In the next six to eight months, utilities should be prepared for an increase in challenges stemming from customers’ inability to pay their bills and restrictions on utility’s ability to disconnect service to customers in need. Anticipating the higher-than-usual arrears, utilities should plan for enhancing their customer engagement by offering innovative payment arrangements, more advanced rate options (such as prepay and budget plans) and increasing access to low-income payment programs that will help financially impacted customers. Utilities should look to maximize the potential federal stimulus benefits for their customers who are seeing a higher utility cost burden.
Utilities should start the process of cataloging job positions and developing a staffing metric that identifies replacement staff members for key positions. This ideally should be two levels deep in case key staff become ill. In addition, knowledge management technologies could be deployed to make it easier for the utility workforce to be cross trained quickly. Procedures could be developed to rapidly obtain workload status and identify key staff activities in preparing for stay-at-home scenarios or illness, in addition to and to complement investments in work-from-home technologies.
Developing a staffing response playbook which lays out a response strategy in the event significant portions of the workforce become unavailable is critical. Unlike storm situations in which utilities can seek help from neighboring utilities, pandemics are global. Therefore, neighboring utilities will likely be unable to provide the resources necessary if they are equally impacted.
Given the rapidly changing environment, from the CARES Act to load changes to workforce planning, a dashboard view of the utility’s current operations is an immediate step that would help utility executives quickly get a pulse on the entirety of utility operations.

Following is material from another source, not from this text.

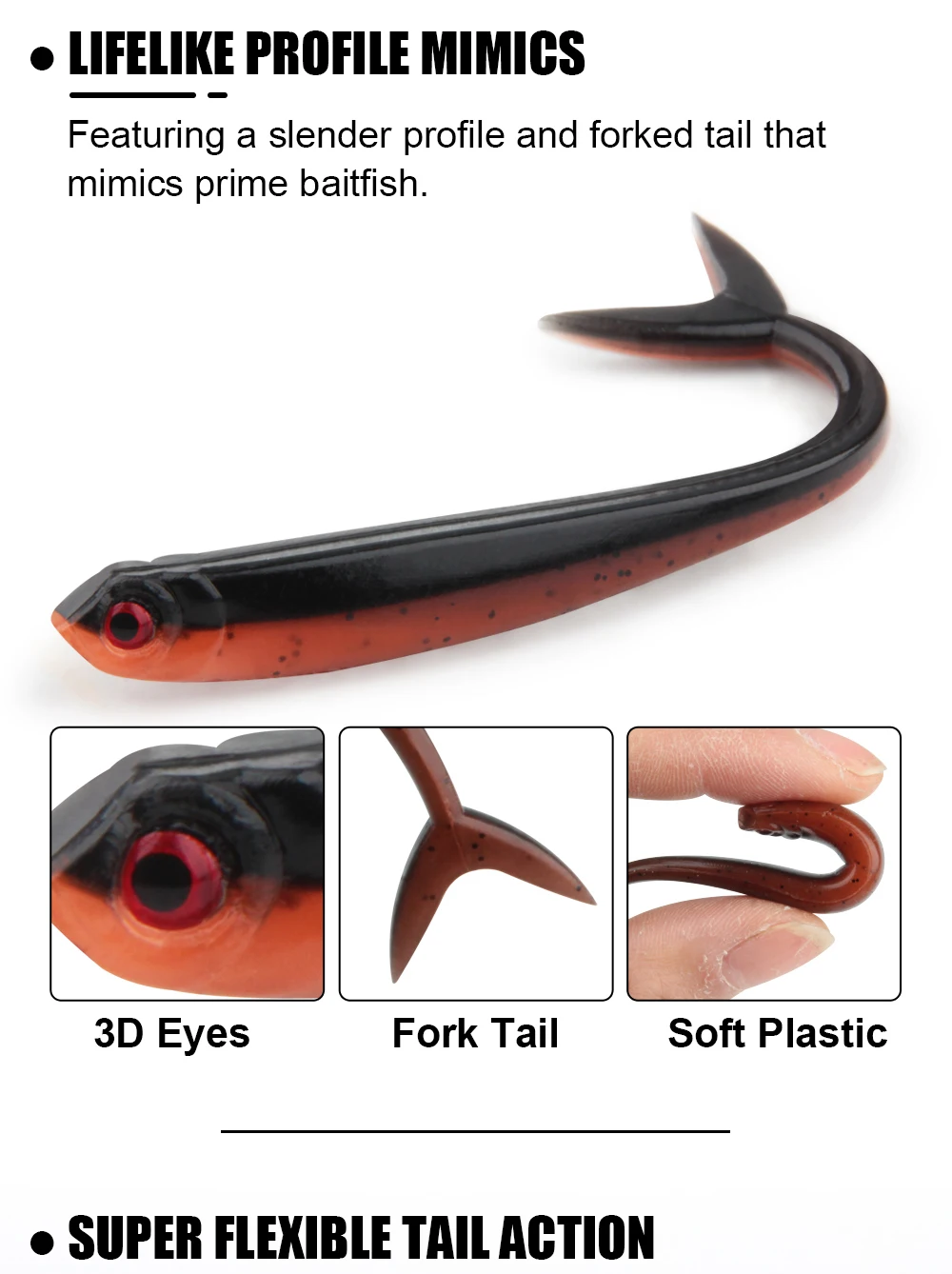 Spinpoler's 20pcs Soft Fishing Lure is ideal for rigging and jigging. Made from silicone PVC plastic, each lure measures 7.5cm in length and weighs 1.6g, making it highly responsive in the water. Its soft jerkbait fork tail design in bright colors provides great attractiveness and increase its chances of success.

As daily energy usage continues to change with more people working from home, executives will have a quick understanding of how this change in usage will impact future revenue forecasts, grid loading, and power purchases.
The dashboard combines this daily load impact information with other key performance indicators such as changes in on-time payments, number of customers enrolled in low-income programs, bad debt, customer satisfaction, call center performance, and employee engagement. The utility can then develop mitigation plans around each KPI that is moving in an unfavorable direction. These plans could include digitization of certain operations, productivity improvements, new revenue enhancing opportunities, enhanced payment assistance programs or updated business continuity plans.

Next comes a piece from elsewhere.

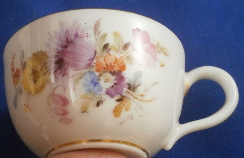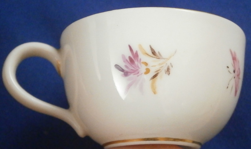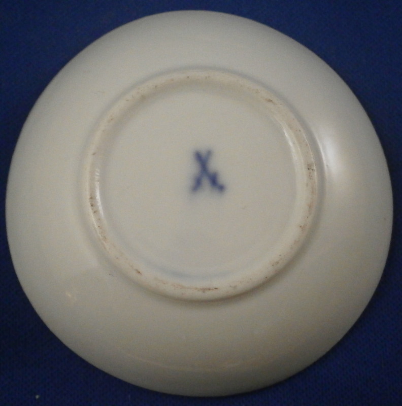 This is a rare miniature / doll cup and saucer made by Meissen in the late 19th century. Both pieces are hand painted with a nice polychrome floral arrangement as well as a little single flower and a bug with a gold trim to the edge and to the handle. Quite nice especially on such a small scale! If you collect doll size items this is a must have! The set is in perfect condition which never hurts either :) It is marked with the underglaze blue crossed swords mark underneath as shown. The cup is 1 inch tall and 1.75 inches in diameter. The saucer is just over 0.5 inches tall and has a diameter of 2.75 inches. Please email me for more information or other pictures.

The long-term impact of COVID-19 on utilities is yet to be known. There are some unique characteristics of the pandemic that makes it unlike any other economic event in recent history. Congress’s COVID-19 relief package (CARES Act) is the largest economic relief bill in U.S. history, allocating $2.2 trillion in support to individuals and businesses affected by the pandemic and economic downturn. This relief bill restricts utilities’ ability to disconnect customers and makes additional funds available for customer payment assistance through existing state administered low-income programs.

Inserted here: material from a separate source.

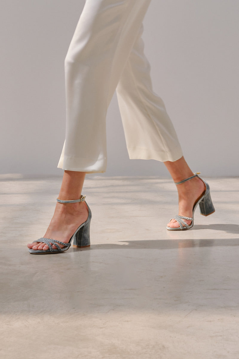 Sandales à lanières tressées bleues en velours de soie et talon confortable de 9 cm.

Utilities are wise to prepare for changes in customer expectations, load profiles, employee availability, and the ability to execute existing capital projects, all while ensuring reliability and a fair energy burden for all customers. Taking steps now to create a more digital workplace and improving the productivity of employees along with investing in low-income programs can help utilities meet the evolving expectations of their employees, customers, regulators, and owners.